I want to ask about another book of yours titled Augustine’s Theology of Angels. I love thinking about theology and the non-human, and this particular topic has been really neglected in recent decades by our disenchanted culture. So, first, thank you for writing such a counter-cultural book. Second, can you say a bit about what motivated you to write it?

You’re welcome, it was a fun and rewarding topic!

I am a disciple of St. Augustine – or strive to be – and so the book was prompted by reading Augustine’s City of God and coming to see how central his understanding of angels (both good and evil) was to his view of the Church and the history of the world.

The early Christian understanding of angels is something that has not been discussed very much even among scholars, so it proved a worthy topic to sink my teeth into. I start the book by saying that, for Augustine, the angels are just as real as you and I, and that they appear frequently in the Bible, and so to ignore them or treat them as a kind of sentimental feeling is to miss something important in the biblical story. The book is written primarily for an academic audience, but I also wrote a short article in which I summarize the theological insights I gained from Augustine in a much shorter format.

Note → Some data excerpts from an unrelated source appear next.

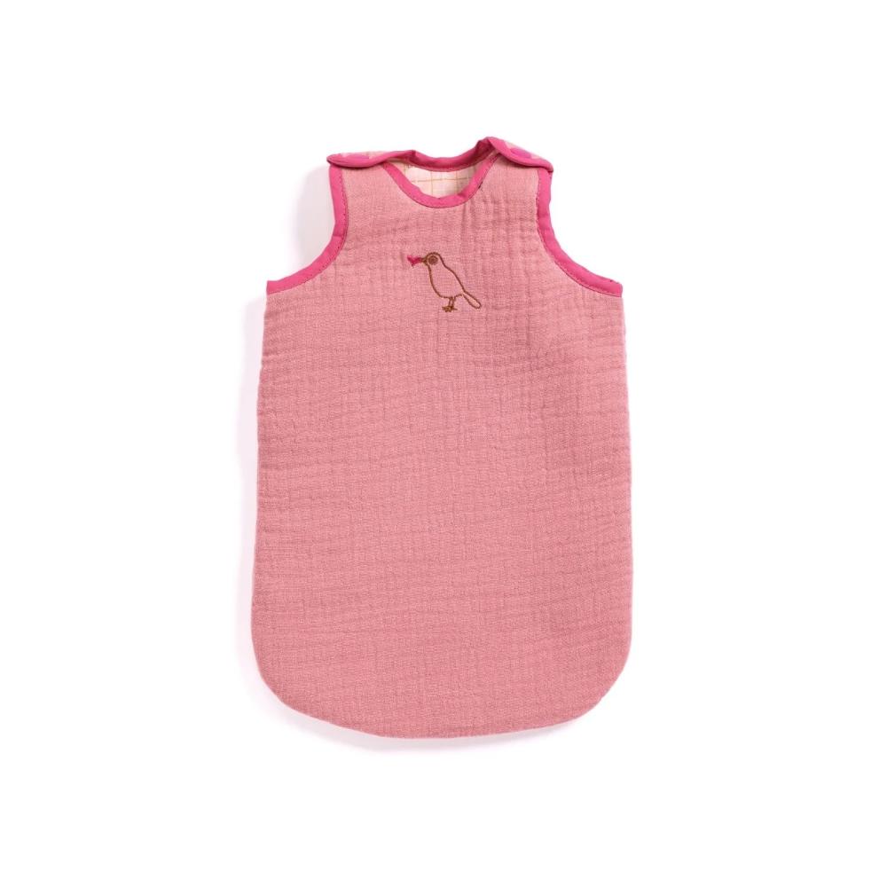 Een mooie roze slaapzak met een geborduurde vogel, waarin je baby heerlijk slaapt en het niet koud heeft! Met de klittenbandsluiting op de schouders kun je je baby heel gemakkelijk in de slaapzak doen. Een trendy slaapzak van goede kwaliteit met bedrukt katoen aan de binnenkant en geborduurd dubbel gaas aan de buitenkant. Een accessoire voor POMEA-poppen voor kinderen vanaf 18 maanden.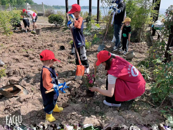 在社區(qū)志愿者俞飛駕駛的“愛飛的俞”愛心叔叔巴士的搭載下,二十余位大小志愿者來到了江邊,在美麗江景的映照下,拉開了當天活動的序幕。志愿者向大家說道:“這次植樹活動可不是裝裝樣子,需要大家拿出自己的體力智力,把我們的小花小樹一起種到規(guī)定的地方”?,F(xiàn)場的同學檔、父子檔、母子檔的志愿者們自動分成7組,帶著小樹苗包括枇杷樹、桃子樹、無花果樹、四季茶樹等等,帶著鐵鍬,彼此配合,你挖一鏟,我挖一鍬,伴隨著鳥啼聲與浪花聲,志愿者們種下了一顆顆小樹苗、一株株小花,它們沐浴在陽光下,飲用著長江水,仿佛正在和我們祖國的花朵們一起茁壯成長。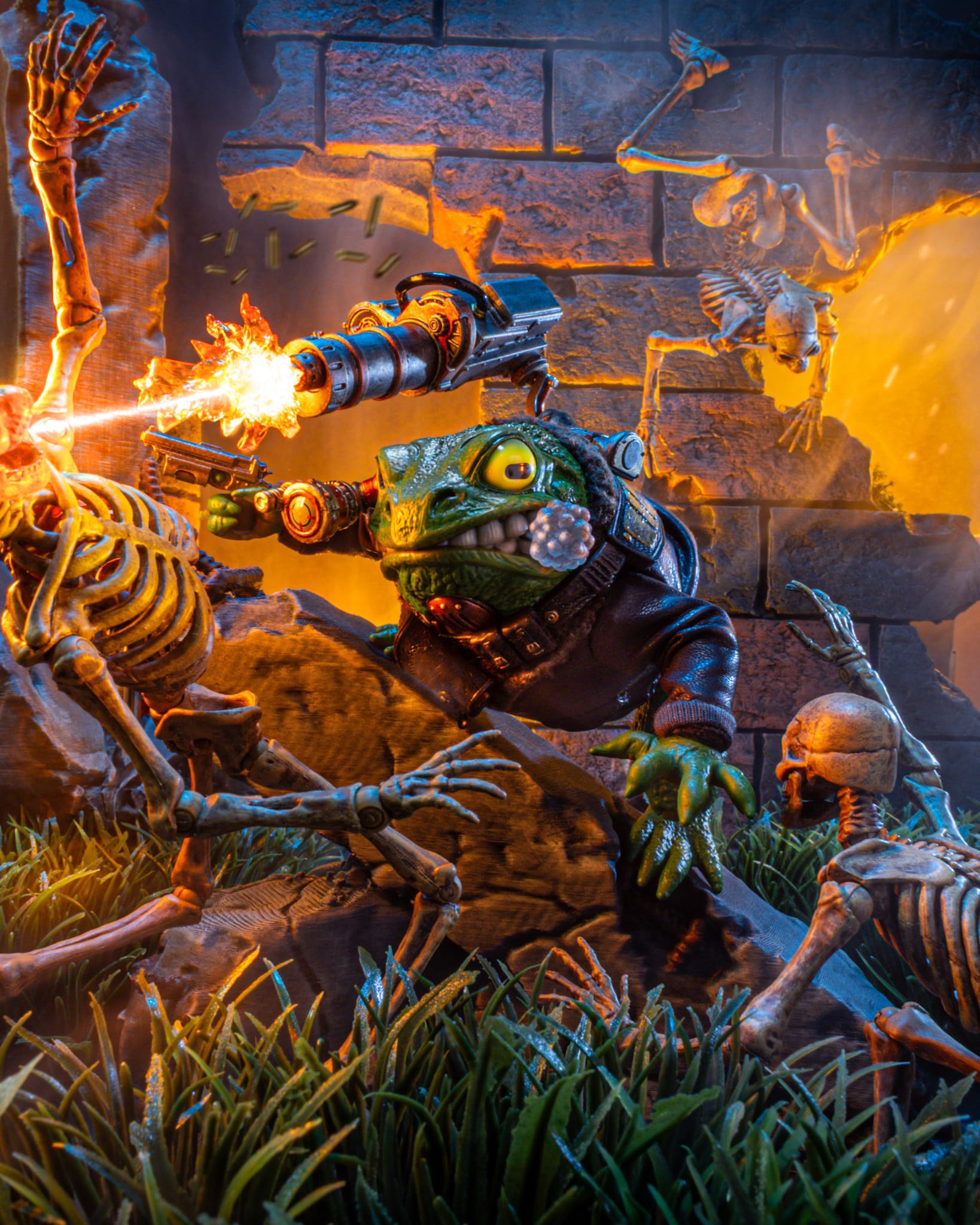 Inspiration: In this photo, I wanted to show the wild side of Woodford in his bomber outfit and Gatling Gun at work.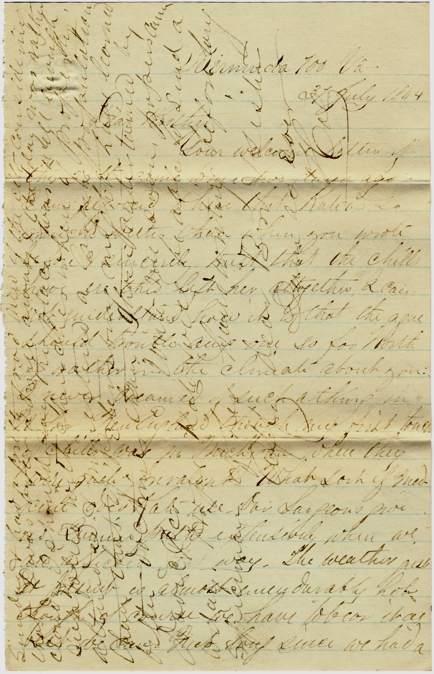 It is with pleasure that I can sit down to write a few lines to let you know that we are all well at home and I hope these few lines will find you the same. I got a letter from you last night and I was glad to hear that you was so well. [It was] the letter that you put the candy in and the children was all so pleased to get it. There was none for the baby [but] they parted it. I was sorry to hear that you was so near the fighting and [though] you told me in your letter that I must not fret so much, but I can’t help it. I fret more now that you have gone where you are but I hope the Lord will speed the time when you can come home again. There was so many that went from here that got killed and wounded and I don’t know when I shall hear the news myself. William Curran was wounded in his hip and had to have his leg cut off.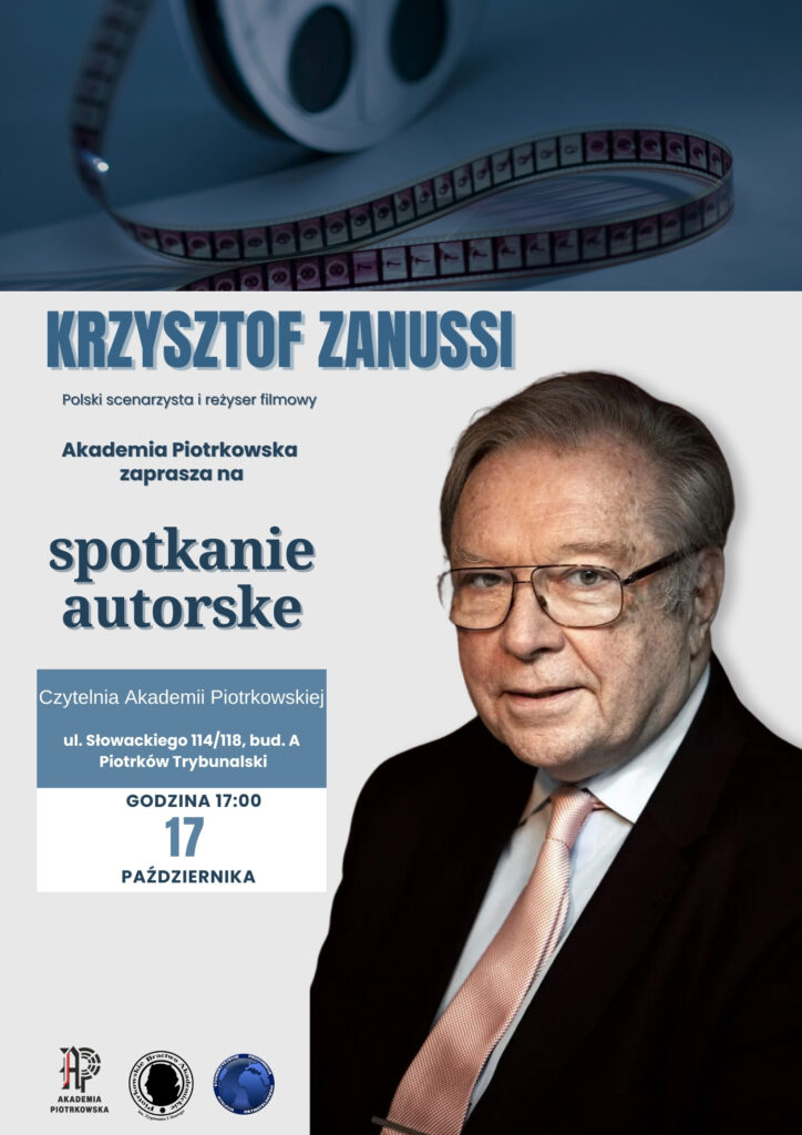 Akademia Piotrkowska zaprasza na najbliższy czwartek (17.10) na spotkanie autorskie z reżyserem, scenarzystą oraz producentem filmowym Krzysztofem Zanussim. Początek o godz.17.00,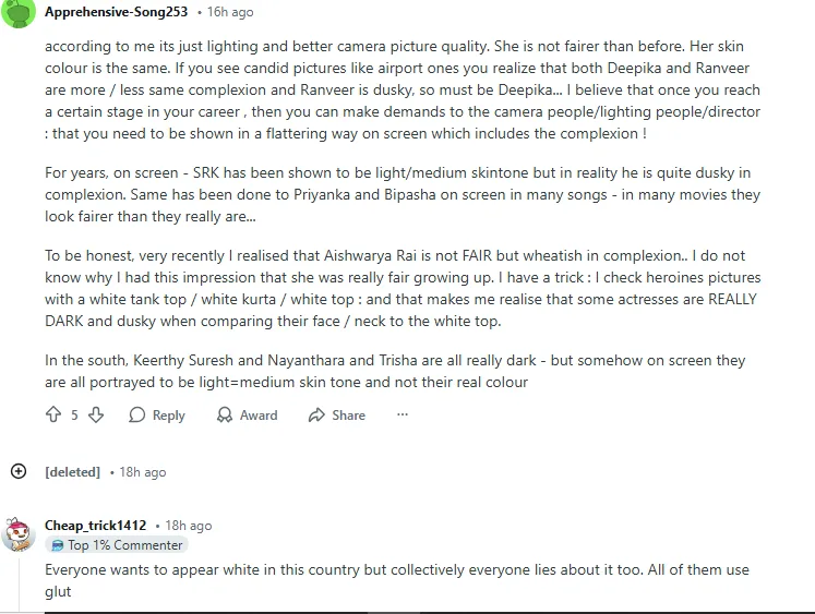 Once the video made its way to Reddit, fans of Deepika used the thread to push back hard against Rathee’s claims. Many argue that changes in appearance are often down to factors like lighting, camera quality, makeup, skincare routines, or simply natural shifts in tone over time. Some pointed out that in earlier days, Deepika tended to have a slightly darker tan — a common trend in the 2000s — rather than being significantly darker.

That being said, I do think the book is digestible for the curious amateur theologian. Someone at my parish has been reading it, much to my delight!

Do you think our lack of knowledge when it comes to angels is tied at all to our lack of knowledge when it comes to God?

I think they are related in so far as we are often reticent to do any hard thinking about topics that sound too philosophical, when words like “nature” or “being” or “metaphysics” come up we might have the tendency to panic and to retreat to that picture of the angels as adorable little cherubs who strum on harps. But what I try to show both in the book on God and in the book on angels is that what we are dealing with are biblical mysteries and the theological and philosophical language of the Church helps us to explore, understand and receive those mysteries. The tradition, then, does not send us away from the Scriptures, but back to them with renewed ardor.

It is also true that if we don’t have some kind of concept of God and what it means to be made in the image of God; something I also cover in the God book, then we cannot have a clear concept of what it means to be a rational creature – an angel or a human being – who is capable of knowing and loving God.